--- START ---
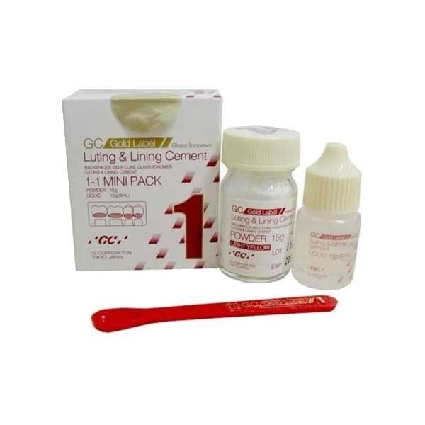 ESTUCHE CON 15 GRAMOS DE POLVO Y 8 ML DE LIQUIDO DE IONOMERO DE VIDRIO PARA CEMENTACION FUJI MINI PACK DE MARCA GC
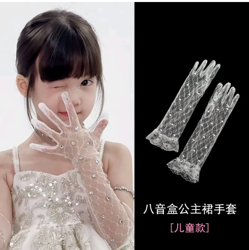 レース手袋白いメッシュ花ドレス花嫁结婚赤诞生日パーティー雰囲気プリンセス写真手袖
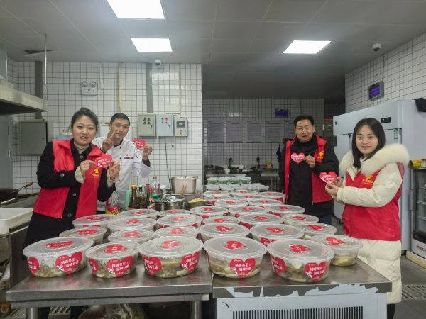为了让员工准时喝上健康美味的羊肉汤,职工食堂提前一天开始熬制羊肉,组织机关相关人员将半成品羊肉、蘸料、葱花、香菜分装打包,长寿邮政领导带队送往各个职工小家。
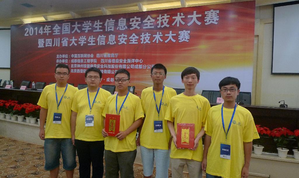 据悉,“2014年全国大学生信息安全技术大赛”由中国互联网协会主办,成都信息工程学院、四川省信息安全测评中心承办,于2014年7月26日至7月27日在成都举行。本次竞赛吸引了来自全国各地的70支队伍、200余人参赛。我校由何文杰、苟志文担任队长的代表队分别以总分第3名和第6名的成绩,双双荣获一等奖。
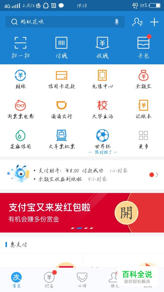 首先打开支付宝这个app,如图1所示。进入支付宝后会看到一个新的界面,如图2所示。
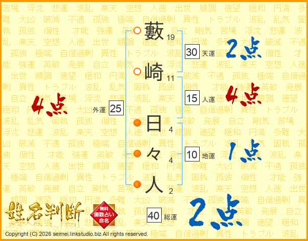 藪崎日々人さんの総運は40画の2点!
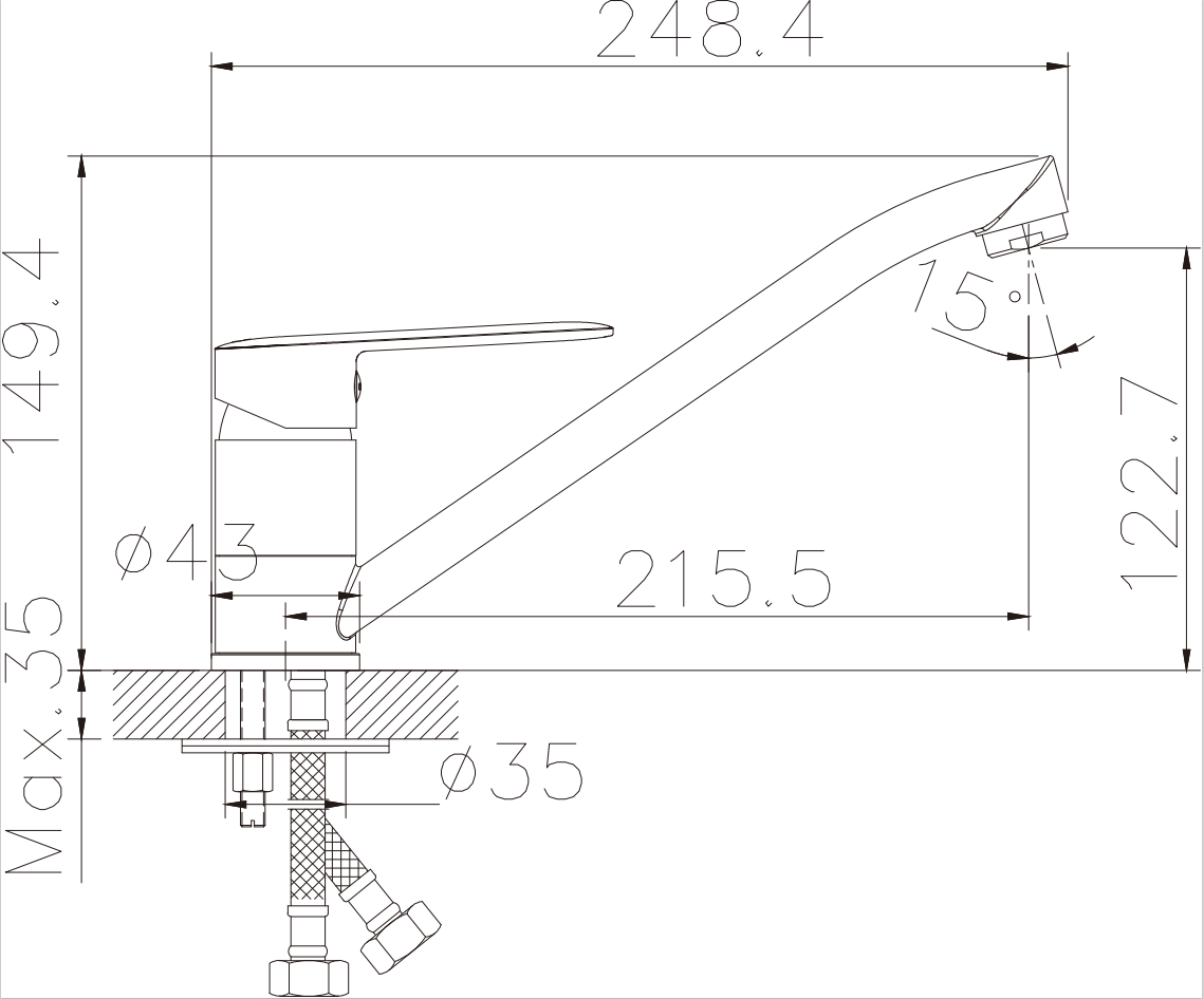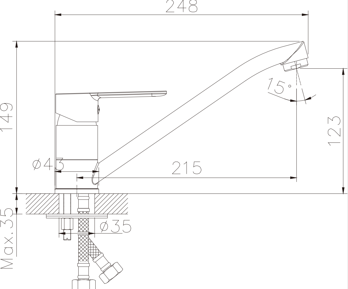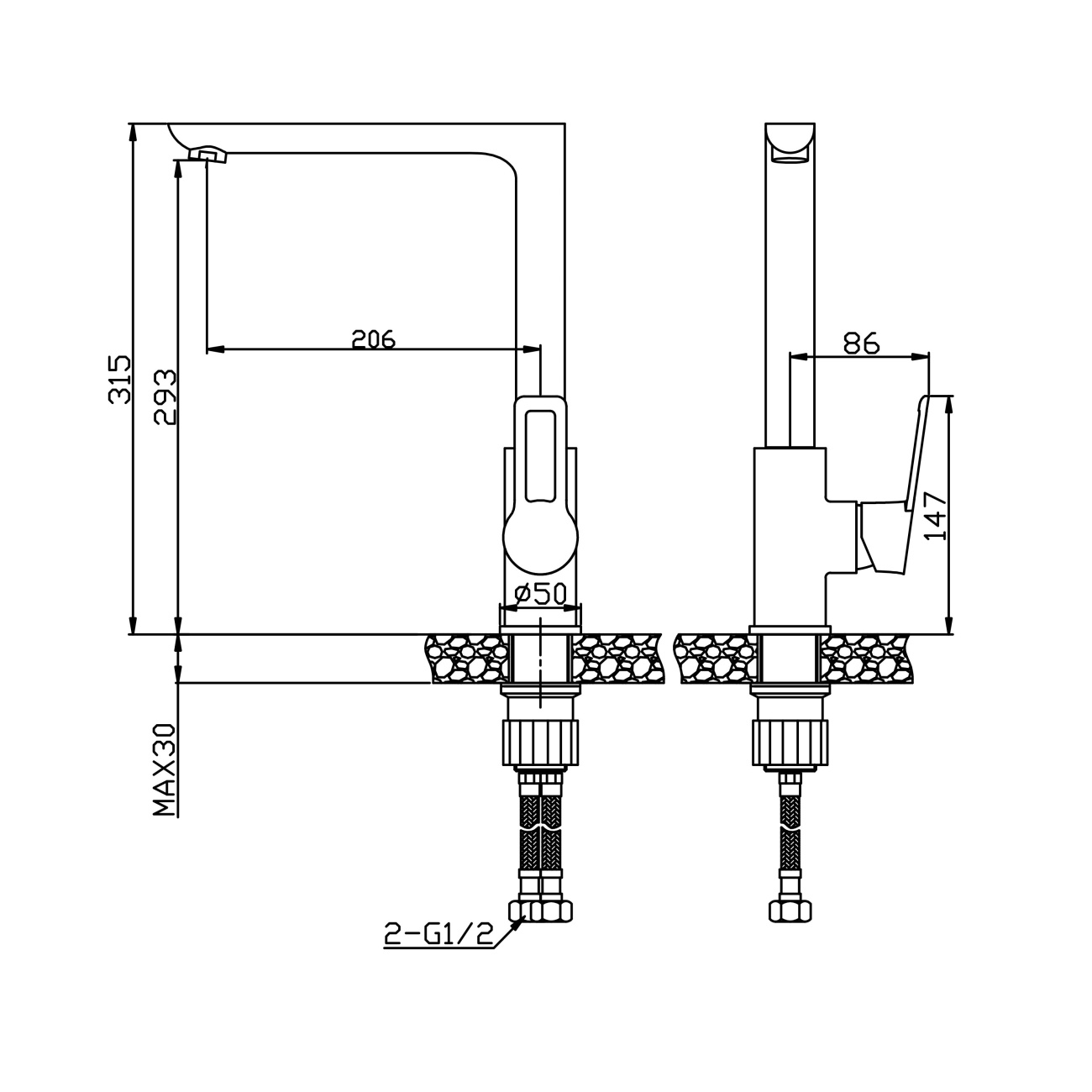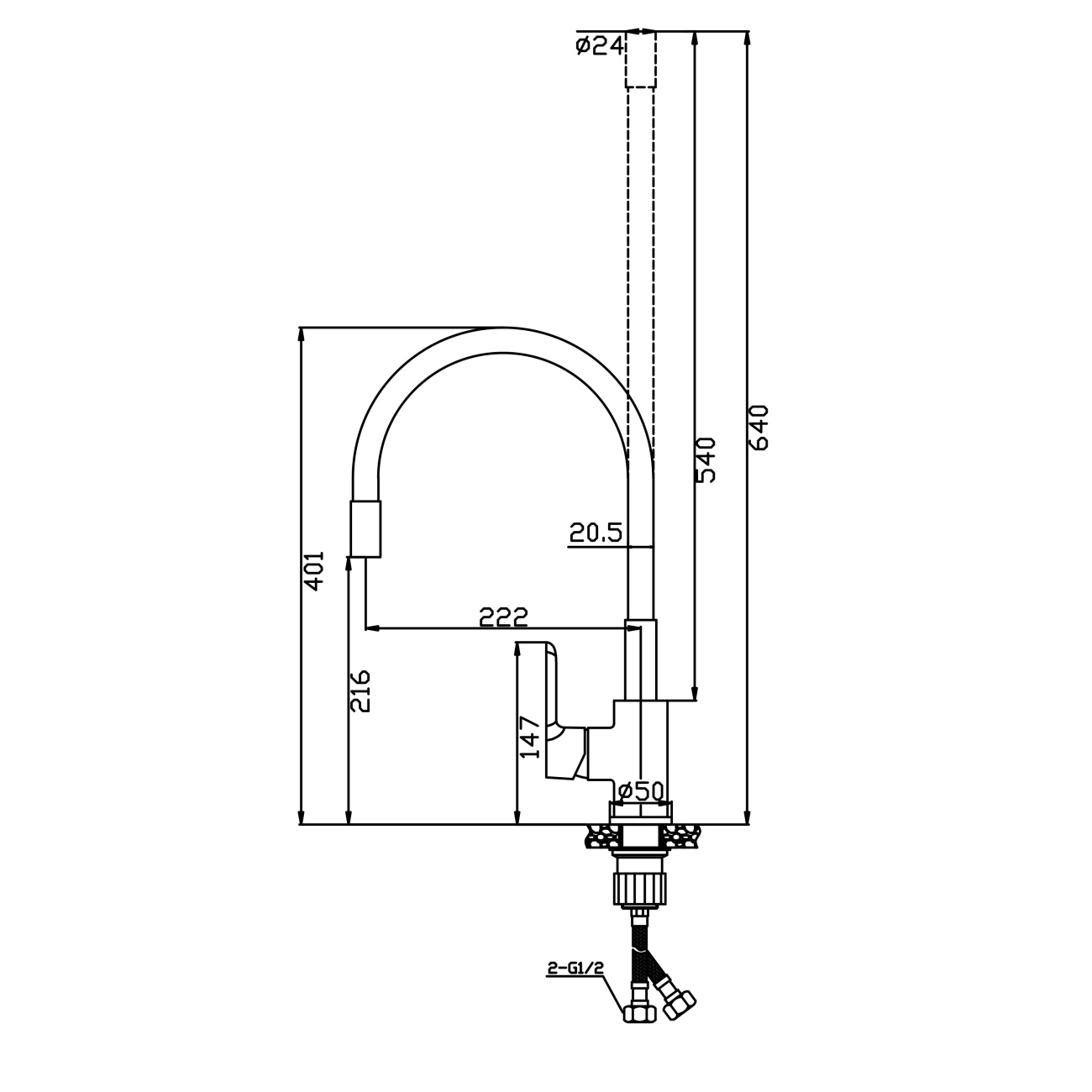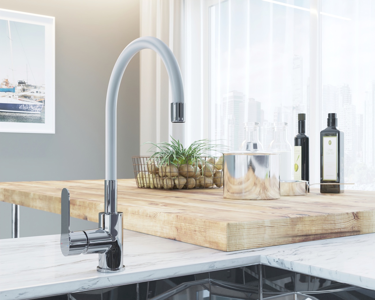 Смеситель для кухни KITCHEN AV9001 с гибким изливом, цвет хром
--- END ---
__Instructions to follow__
From the line that contains "首先打开支付宝这个app,如" to the last line of the records above, copy each line exactly, both ends included, and leave the pictures out.

__Output for this task__
 首先打开支付宝这个app,如图1所示。进入支付宝后会看到一个新的界面,如图2所示。
 藪崎日々人さんの総運は40画の2点!
 Смеситель для кухни KITCHEN AV9001 с гибким изливом, цвет хром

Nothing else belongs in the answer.